And in the introduction to this celebration a Party spokesman, in talking about the bad films produced in the Stalin period says,3
In fact, if in the years of the Cult of the Personality all or almost everything was bad, even if good people became villains and considered that they couldn’t be anything else, such an attitude dragged in, even if involuntarily, the idea that in those years the decisive role in the life of the people was played by one single will, the will of that evil personality. Only then it was called ‘good’ … that was mystification only with a negative sign. It was the Cult of Personality inside out.

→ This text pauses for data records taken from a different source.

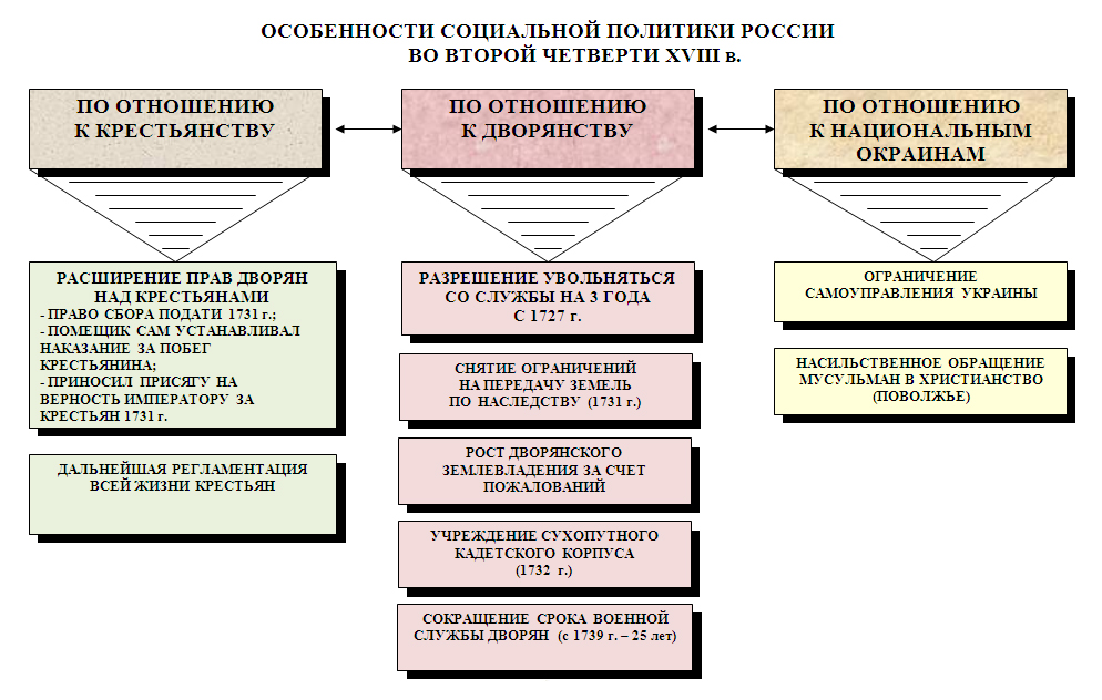 Правительство Анны Иоанновны проявляло особую заботу о дворянском сословии. Был отменен петровский Указ о единонаследии (1731), что дало право помещикам делить свои имения. В 1731 г. был создан Шляхетский корпус, что привело к освобождению дворянства от обязанности начинать военную службу солдатами. В 1736 г. специальным указом воинская служба дворян была ограничена 25-летним сроком, а один из сыновей дворянской семьи вообще освобождался от военной службы.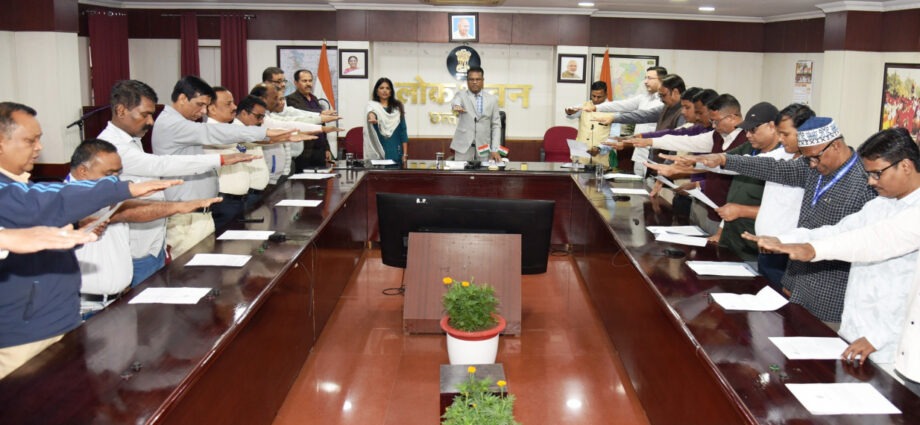 रायपुर: राष्ट्रीय मतदाता दिवस के अवसर पर लोकभवन सचिवालय में राज्यपाल के सचिव डॉ. सी. आर. प्रसन्ना, उप सचिव सुश्री निधि साहू, संवैधानिक प्रकोष्ठ के उप सचिव डॉ. रूपेन्द्र कवि सहित सभी अधिकारियों एवं कर्मचारियों ने मताधिकार की शपथ ली।सभी ने शपथ ली कि ‘‘हम भारत के नागरिक लोकतंत्र में अपनी पूर्ण आस्था रखते हुए यह शपथ लेते हैं कि हम अपने देश की लोकतांत्रिक परम्पराओं की मर्यादा को बनाए रखेंगे तथा स्वतंत्र, निष्पक्ष एवं शांतिपूर्ण निर्वाचन की गरिमा को अक्षुण्ण रखते हुए निर्भीक होकर धर्म, वर्ग, जाति, समुदाय, भाषा अथवा अन्य किसी भी प्रलोभन से प्रभावित हुए बिना सभी निर्वाचनों में अपने मताधिकार का प्रयोग करेंगे।’’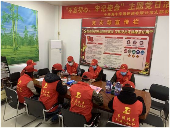 为深入学习贯彻习近平总书记关于新冠肺炎疫情防控工作的重要讲话和重要指示精神,积极响应市非公党工委的号召,全力支持推动企业安全有序复工复产,海丰享通速递有限公司党支部充分发挥企业党组织政治引领作用,坚持党建带工建,联合该公司工会成立抗疫志愿服务队,督促指导公司及下属11个分公司、5个末端站点严格做好登记报备、体温检测、包裹消杀、分散用餐、环境消毒等工作,切实加强员工健康防护,有力推动快递企业安全有序复工复产,更好地满足疫情防控和群众生活物资配送需要,让党旗在企业疫情防控和复工复产第一线高高飘扬。截至2月20日,该公司及下属11个分公司、5个末端站已全部复工,复工率为100%,到岗人数225人,到岗率为100%。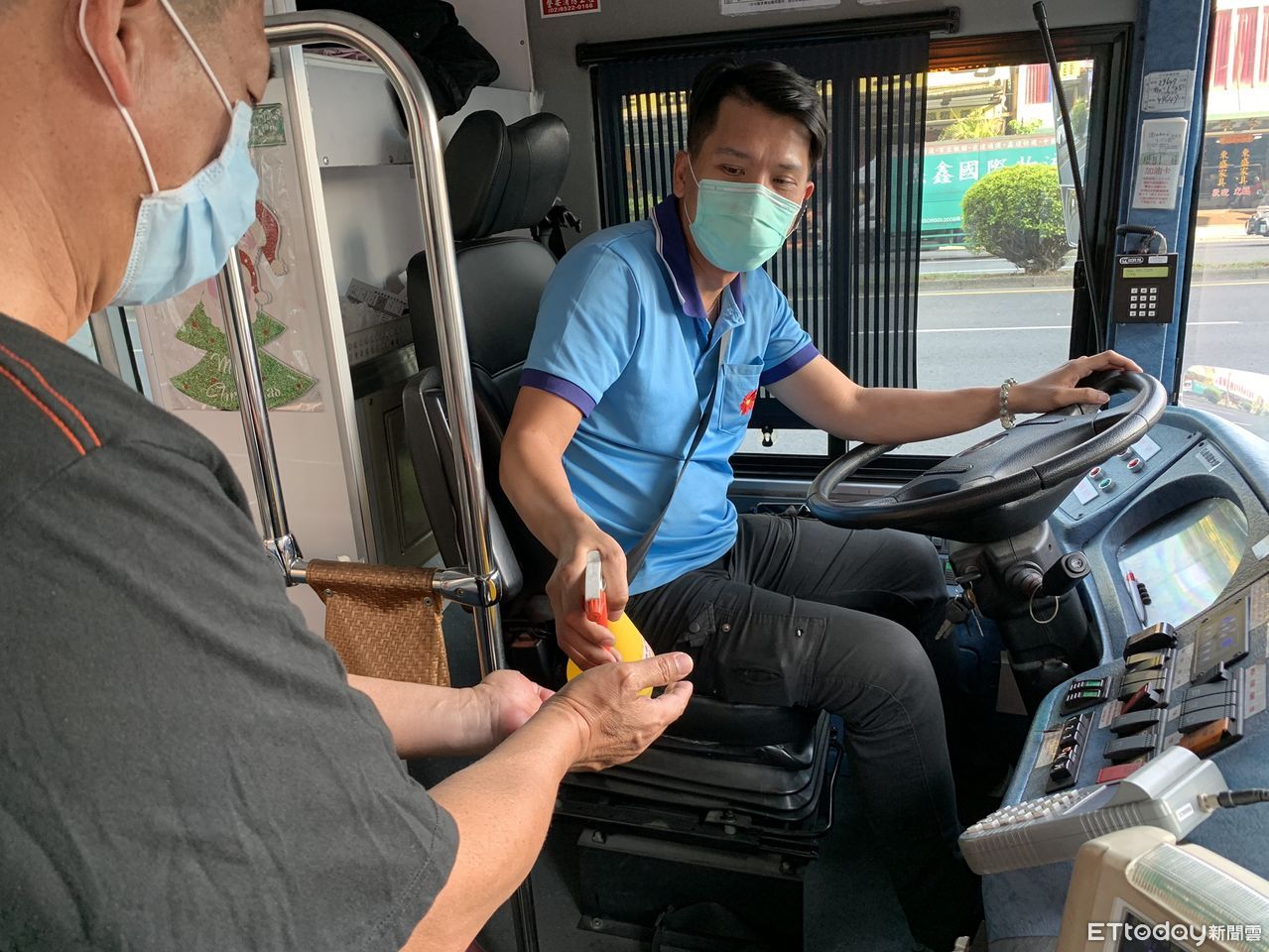 ▲行經長庚、高醫、榮總等12家指定隔離醫院公車路線及疫情爆發區域公車路線,駕駛提供乘客手部噴灑酒精消毒服務,同時車輛加強清消。(圖/高市府交通局提供)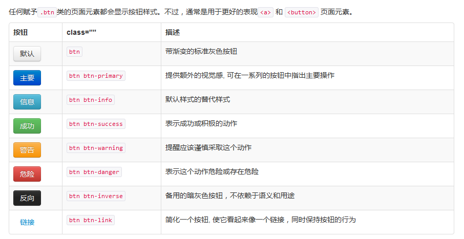 如果在Bootstrap官方网站看过btn按钮或者alert警告框的样例,你会发现,Bootstrap默认为很多组件都提供了5种颜色的样式,这5种颜色分别是:primary(重点蓝)、success(成功绿)、info(信息蓝)、warning(警告橙)、danger(危险红)。定义规则是:组件名称-颜色类型,如btn-primary、alert-info。以按钮(btn为例)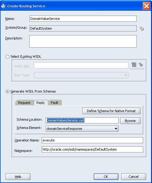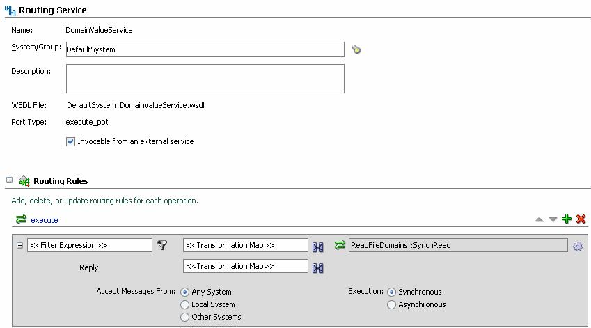 First of all, I create a File Adapter Service that synchronously reads the file that holds the domains. This file is specified through and XSD: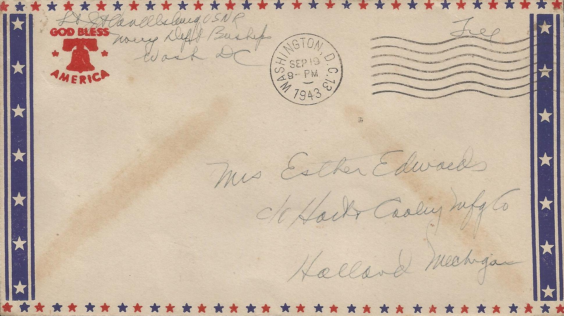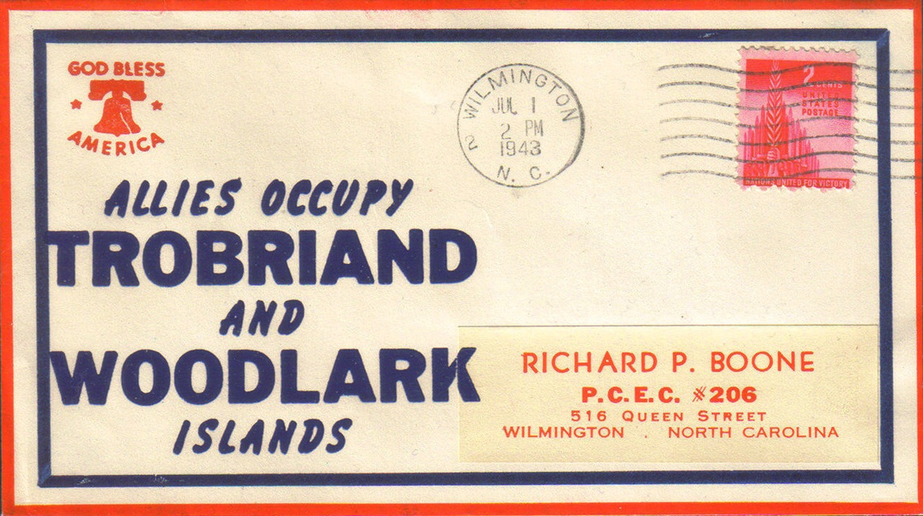 God bless America Allies occupy Trobriand and Woodlark islands etc (bell at UL, Red & Blue lines frame envelope) (thermographed) |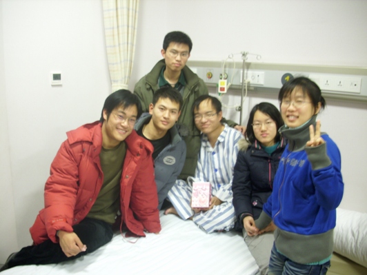 爱心协会六十多名成员还将自己的祝福和对卫亚军同学的鼓励写在彩纸上:“亚军学长,加油,虽然我们未曾相识,但我们衷心地希望你能坚强的战胜病魔”。“兄弟,坚强,我们和你在一起”。“祝你早日康复,回到我们的身边”。“相信阴霾在大家的爱心下总会被阳光冲散,不要担心,我们会和你肩并肩地在一起”……写满祝福的卡片被折成精美的千纸鹤,带着满满的祝福装入了礼品盒中。 27日下午,爱心志愿者协会成员们带着鼓励和慰问来到吉林大学第一临床医院住院部探望卫亚军同学。在收到爱心协会的礼品盒时,卫亚军很感动,他有些哽咽地说:“谢谢您们,我要等到发病时再打开”,大家知道,那一个个千纸鹤将带给他鼓励和希望,就好像大家和他在一起,所以他舍不得打开。在大家的劝慰下,卫亚军的话语渐渐多了起来,从公司的同学谈到在医院的生活,卫亚军恢复了以往爱说爱笑的样子,他们陪着卫亚军同学度过了一个愉快的下午。记者了解到,在回公司的路上,由于堵车,爱心协会的成员们在寒风中步行了半个多小时才乘上车,虽然寒风侵透了棉衣,但他们却笑笑说:“我们的内心是温暖的,因为我们是志愿者,我们乐于自己的工作。”涓涓爱心在寒冷的冬季汇聚成浓浓的情谊,温暖了正在抗击病魔的卫亚军。

Dovzhenko began working with the revolutionary avant-garde of the Ukraine in the organization called VAPLITE – The Free Academy of Proletarian Literature, headed by the writer Mykola Khvylovy. But eleven years later they were liquidated by the Party, and the ‘bacilli of Khvylovism’ wiped out as Carynnyk says:4
Writing in the ‘Autobiography’ eleven years after Vaplite had been disbanded and the ‘bacilli of Khvylovism’ supposedly exterminated by the party, Dovzhenko naturally played down his association with the group. He did, however, publish his first article, ‘Toward the Problem of the Visual Arts’, in the Vaplite journal, and he became familiar with the most important manifestations of the new cultural upsurge: the pantheistic poems of Pavlo Tychyna and the chiselled verse of Mykola Bazhan, the plays of Mykola Kulish, the expressionistic productions of Les Kurbas’s Berezil Theater, the fiction of Yuriy Yanovsky (a leading Vaplitian who became Dovzhenko’s lifelong friend), the monumental paintings of Mykhaylo Boychuk and the short stories and polemics of Mykola Khvylovy. Today, when we know the fate of these artists – Khvylovy committed suicide; Kulish, Kurbas, and Boychuk died in prison camps; Tychyna, Bazhan, and Yanovsky were broken in spirit – their works smell of tragedy and suffering. They seem of a stature and richness that a mixture of elation and despair alone could have produced.
Dovzhenko had in fact applied for Party membership in 1920 and was accepted, but while he was at his diplomatic post in Berlin there was a so-called Purge (chistka) of Party members before renewing their Party card. This, at that time, was a regular procedure and I remember our group going through it in the GIK. Each member of the Party had to stand in front of the audience, like at a Salvation Army meeting, and confess his or her sins for the last year and what he had done to prove himself a good Party member. If he passed the Purge Committee then he was given his new Party card. While he was working in the Ukrainian Embassy in Berlin in the early 1920s, Dovzhenko didn’t have a committee in Berlin and he had to send his card to the Kharkov Committee. He did this, but heard no more.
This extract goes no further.